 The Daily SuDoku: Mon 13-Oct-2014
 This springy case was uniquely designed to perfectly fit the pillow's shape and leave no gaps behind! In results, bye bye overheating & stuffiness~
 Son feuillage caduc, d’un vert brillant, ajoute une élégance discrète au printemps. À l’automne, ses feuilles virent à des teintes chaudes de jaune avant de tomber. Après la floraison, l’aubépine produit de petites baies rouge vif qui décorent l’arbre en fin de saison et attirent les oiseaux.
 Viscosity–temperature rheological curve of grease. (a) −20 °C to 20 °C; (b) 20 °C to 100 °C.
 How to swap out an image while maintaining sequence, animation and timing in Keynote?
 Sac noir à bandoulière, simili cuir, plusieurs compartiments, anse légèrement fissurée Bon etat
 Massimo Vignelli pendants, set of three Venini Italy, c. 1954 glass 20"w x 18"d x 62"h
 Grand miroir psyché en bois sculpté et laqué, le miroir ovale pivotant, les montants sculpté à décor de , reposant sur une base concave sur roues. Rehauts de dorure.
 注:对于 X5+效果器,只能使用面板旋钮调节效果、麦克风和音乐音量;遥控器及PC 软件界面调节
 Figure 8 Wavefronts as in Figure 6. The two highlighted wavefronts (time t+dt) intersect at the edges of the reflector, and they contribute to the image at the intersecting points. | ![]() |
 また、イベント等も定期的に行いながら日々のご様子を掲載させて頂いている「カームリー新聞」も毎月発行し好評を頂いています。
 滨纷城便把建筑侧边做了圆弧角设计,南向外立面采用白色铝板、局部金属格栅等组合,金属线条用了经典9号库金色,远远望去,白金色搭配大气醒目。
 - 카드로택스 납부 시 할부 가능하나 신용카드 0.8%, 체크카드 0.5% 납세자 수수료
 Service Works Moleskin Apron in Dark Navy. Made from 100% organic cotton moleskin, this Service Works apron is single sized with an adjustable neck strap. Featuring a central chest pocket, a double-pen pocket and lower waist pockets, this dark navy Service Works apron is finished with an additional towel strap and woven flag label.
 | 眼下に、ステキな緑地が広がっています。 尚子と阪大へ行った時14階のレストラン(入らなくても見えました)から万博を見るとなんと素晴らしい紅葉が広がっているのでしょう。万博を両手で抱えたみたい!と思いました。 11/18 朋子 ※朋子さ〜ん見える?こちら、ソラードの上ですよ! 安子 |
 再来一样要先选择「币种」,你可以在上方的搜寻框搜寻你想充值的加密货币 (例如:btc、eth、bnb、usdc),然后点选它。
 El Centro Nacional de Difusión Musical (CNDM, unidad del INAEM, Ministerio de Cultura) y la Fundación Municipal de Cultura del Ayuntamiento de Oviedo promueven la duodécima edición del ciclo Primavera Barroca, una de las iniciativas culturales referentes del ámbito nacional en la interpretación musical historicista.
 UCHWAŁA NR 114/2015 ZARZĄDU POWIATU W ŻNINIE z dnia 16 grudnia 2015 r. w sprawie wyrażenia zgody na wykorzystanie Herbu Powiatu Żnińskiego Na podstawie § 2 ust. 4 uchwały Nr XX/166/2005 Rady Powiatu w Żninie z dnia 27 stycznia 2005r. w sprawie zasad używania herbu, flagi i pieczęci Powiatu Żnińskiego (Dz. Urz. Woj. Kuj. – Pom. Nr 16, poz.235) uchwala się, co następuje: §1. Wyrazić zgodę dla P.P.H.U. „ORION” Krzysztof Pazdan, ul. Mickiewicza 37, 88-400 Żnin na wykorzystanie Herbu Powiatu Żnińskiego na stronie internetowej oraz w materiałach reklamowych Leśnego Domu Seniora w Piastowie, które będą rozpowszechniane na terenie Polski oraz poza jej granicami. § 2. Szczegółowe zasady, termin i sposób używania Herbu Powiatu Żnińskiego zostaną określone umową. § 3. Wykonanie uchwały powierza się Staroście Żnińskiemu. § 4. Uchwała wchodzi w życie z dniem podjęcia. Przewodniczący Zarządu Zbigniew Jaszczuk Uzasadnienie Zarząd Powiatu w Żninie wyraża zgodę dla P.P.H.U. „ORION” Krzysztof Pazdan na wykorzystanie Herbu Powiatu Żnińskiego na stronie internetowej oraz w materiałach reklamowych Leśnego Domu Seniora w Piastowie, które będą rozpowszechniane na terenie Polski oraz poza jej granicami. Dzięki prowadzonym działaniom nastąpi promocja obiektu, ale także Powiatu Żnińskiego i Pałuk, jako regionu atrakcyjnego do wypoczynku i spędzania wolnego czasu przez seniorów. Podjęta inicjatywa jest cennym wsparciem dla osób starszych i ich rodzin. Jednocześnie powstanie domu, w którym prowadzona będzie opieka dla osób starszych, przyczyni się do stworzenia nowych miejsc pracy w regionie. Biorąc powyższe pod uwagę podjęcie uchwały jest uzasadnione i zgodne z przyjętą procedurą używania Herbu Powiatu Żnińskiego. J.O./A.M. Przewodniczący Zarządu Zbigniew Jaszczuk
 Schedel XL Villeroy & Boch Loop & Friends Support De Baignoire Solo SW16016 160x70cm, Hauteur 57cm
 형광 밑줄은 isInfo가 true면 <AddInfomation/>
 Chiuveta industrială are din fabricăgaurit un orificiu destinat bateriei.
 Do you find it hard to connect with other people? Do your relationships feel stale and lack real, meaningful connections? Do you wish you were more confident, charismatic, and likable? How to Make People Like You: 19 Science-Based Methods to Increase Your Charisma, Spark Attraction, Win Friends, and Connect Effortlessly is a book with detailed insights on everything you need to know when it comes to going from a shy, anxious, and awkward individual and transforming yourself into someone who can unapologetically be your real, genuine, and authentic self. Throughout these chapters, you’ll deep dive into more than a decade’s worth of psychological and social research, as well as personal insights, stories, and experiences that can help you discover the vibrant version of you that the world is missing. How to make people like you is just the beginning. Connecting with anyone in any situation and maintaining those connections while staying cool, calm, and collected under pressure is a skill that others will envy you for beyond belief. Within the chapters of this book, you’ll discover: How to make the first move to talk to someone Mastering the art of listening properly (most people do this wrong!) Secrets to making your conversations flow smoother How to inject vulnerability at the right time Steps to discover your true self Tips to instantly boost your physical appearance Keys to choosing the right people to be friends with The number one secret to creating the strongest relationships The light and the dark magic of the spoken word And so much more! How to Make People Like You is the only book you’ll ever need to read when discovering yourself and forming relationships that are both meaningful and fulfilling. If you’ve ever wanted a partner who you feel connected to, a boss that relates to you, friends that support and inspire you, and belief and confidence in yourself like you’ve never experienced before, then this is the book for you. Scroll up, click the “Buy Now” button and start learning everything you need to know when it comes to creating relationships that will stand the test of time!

----------

◆ YOUR ASSIGNMENT
Please return the data above in full, without altering a single line.

◆ EXERCISE RESPONSE
 The Daily SuDoku: Mon 13-Oct-2014
 This springy case was uniquely designed to perfectly fit the pillow's shape and leave no gaps behind! In results, bye bye overheating & stuffiness~
 Son feuillage caduc, d’un vert brillant, ajoute une élégance discrète au printemps. À l’automne, ses feuilles virent à des teintes chaudes de jaune avant de tomber. Après la floraison, l’aubépine produit de petites baies rouge vif qui décorent l’arbre en fin de saison et attirent les oiseaux.
 Viscosity–temperature rheological curve of grease. (a) −20 °C to 20 °C; (b) 20 °C to 100 °C.
 How to swap out an image while maintaining sequence, animation and timing in Keynote?
 Sac noir à bandoulière, simili cuir, plusieurs compartiments, anse légèrement fissurée Bon etat
 Massimo Vignelli pendants, set of three Venini Italy, c. 1954 glass 20"w x 18"d x 62"h
 Grand miroir psyché en bois sculpté et laqué, le miroir ovale pivotant, les montants sculpté à décor de , reposant sur une base concave sur roues. Rehauts de dorure.
 注:对于 X5+效果器,只能使用面板旋钮调节效果、麦克风和音乐音量;遥控器及PC 软件界面调节
 Figure 8 Wavefronts as in Figure 6. The two highlighted wavefronts (time t+dt) intersect at the edges of the reflector, and they contribute to the image at the intersecting points. | ![]() |
 また、イベント等も定期的に行いながら日々のご様子を掲載させて頂いている「カームリー新聞」も毎月発行し好評を頂いています。
 滨纷城便把建筑侧边做了圆弧角设计,南向外立面采用白色铝板、局部金属格栅等组合,金属线条用了经典9号库金色,远远望去,白金色搭配大气醒目。
 - 카드로택스 납부 시 할부 가능하나 신용카드 0.8%, 체크카드 0.5% 납세자 수수료
 Service Works Moleskin Apron in Dark Navy. Made from 100% organic cotton moleskin, this Service Works apron is single sized with an adjustable neck strap. Featuring a central chest pocket, a double-pen pocket and lower waist pockets, this dark navy Service Works apron is finished with an additional towel strap and woven flag label.
 | 眼下に、ステキな緑地が広がっています。 尚子と阪大へ行った時14階のレストラン(入らなくても見えました)から万博を見るとなんと素晴らしい紅葉が広がっているのでしょう。万博を両手で抱えたみたい!と思いました。 11/18 朋子 ※朋子さ〜ん見える?こちら、ソラードの上ですよ! 安子 |
 再来一样要先选择「币种」,你可以在上方的搜寻框搜寻你想充值的加密货币 (例如:btc、eth、bnb、usdc),然后点选它。
 El Centro Nacional de Difusión Musical (CNDM, unidad del INAEM, Ministerio de Cultura) y la Fundación Municipal de Cultura del Ayuntamiento de Oviedo promueven la duodécima edición del ciclo Primavera Barroca, una de las iniciativas culturales referentes del ámbito nacional en la interpretación musical historicista.
 UCHWAŁA NR 114/2015 ZARZĄDU POWIATU W ŻNINIE z dnia 16 grudnia 2015 r. w sprawie wyrażenia zgody na wykorzystanie Herbu Powiatu Żnińskiego Na podstawie § 2 ust. 4 uchwały Nr XX/166/2005 Rady Powiatu w Żninie z dnia 27 stycznia 2005r. w sprawie zasad używania herbu, flagi i pieczęci Powiatu Żnińskiego (Dz. Urz. Woj. Kuj. – Pom. Nr 16, poz.235) uchwala się, co następuje: §1. Wyrazić zgodę dla P.P.H.U. „ORION” Krzysztof Pazdan, ul. Mickiewicza 37, 88-400 Żnin na wykorzystanie Herbu Powiatu Żnińskiego na stronie internetowej oraz w materiałach reklamowych Leśnego Domu Seniora w Piastowie, które będą rozpowszechniane na terenie Polski oraz poza jej granicami. § 2. Szczegółowe zasady, termin i sposób używania Herbu Powiatu Żnińskiego zostaną określone umową. § 3. Wykonanie uchwały powierza się Staroście Żnińskiemu. § 4. Uchwała wchodzi w życie z dniem podjęcia. Przewodniczący Zarządu Zbigniew Jaszczuk Uzasadnienie Zarząd Powiatu w Żninie wyraża zgodę dla P.P.H.U. „ORION” Krzysztof Pazdan na wykorzystanie Herbu Powiatu Żnińskiego na stronie internetowej oraz w materiałach reklamowych Leśnego Domu Seniora w Piastowie, które będą rozpowszechniane na terenie Polski oraz poza jej granicami. Dzięki prowadzonym działaniom nastąpi promocja obiektu, ale także Powiatu Żnińskiego i Pałuk, jako regionu atrakcyjnego do wypoczynku i spędzania wolnego czasu przez seniorów. Podjęta inicjatywa jest cennym wsparciem dla osób starszych i ich rodzin. Jednocześnie powstanie domu, w którym prowadzona będzie opieka dla osób starszych, przyczyni się do stworzenia nowych miejsc pracy w regionie. Biorąc powyższe pod uwagę podjęcie uchwały jest uzasadnione i zgodne z przyjętą procedurą używania Herbu Powiatu Żnińskiego. J.O./A.M. Przewodniczący Zarządu Zbigniew Jaszczuk
 Schedel XL Villeroy & Boch Loop & Friends Support De Baignoire Solo SW16016 160x70cm, Hauteur 57cm
 형광 밑줄은 isInfo가 true면 <AddInfomation/>
 Chiuveta industrială are din fabricăgaurit un orificiu destinat bateriei.
 Do you find it hard to connect with other people? Do your relationships feel stale and lack real, meaningful connections? Do you wish you were more confident, charismatic, and likable? How to Make People Like You: 19 Science-Based Methods to Increase Your Charisma, Spark Attraction, Win Friends, and Connect Effortlessly is a book with detailed insights on everything you need to know when it comes to going from a shy, anxious, and awkward individual and transforming yourself into someone who can unapologetically be your real, genuine, and authentic self. Throughout these chapters, you’ll deep dive into more than a decade’s worth of psychological and social research, as well as personal insights, stories, and experiences that can help you discover the vibrant version of you that the world is missing. How to make people like you is just the beginning. Connecting with anyone in any situation and maintaining those connections while staying cool, calm, and collected under pressure is a skill that others will envy you for beyond belief. Within the chapters of this book, you’ll discover: How to make the first move to talk to someone Mastering the art of listening properly (most people do this wrong!) Secrets to making your conversations flow smoother How to inject vulnerability at the right time Steps to discover your true self Tips to instantly boost your physical appearance Keys to choosing the right people to be friends with The number one secret to creating the strongest relationships The light and the dark magic of the spoken word And so much more! How to Make People Like You is the only book you’ll ever need to read when discovering yourself and forming relationships that are both meaningful and fulfilling. If you’ve ever wanted a partner who you feel connected to, a boss that relates to you, friends that support and inspire you, and belief and confidence in yourself like you’ve never experienced before, then this is the book for you. Scroll up, click the “Buy Now” button and start learning everything you need to know when it comes to creating relationships that will stand the test of time!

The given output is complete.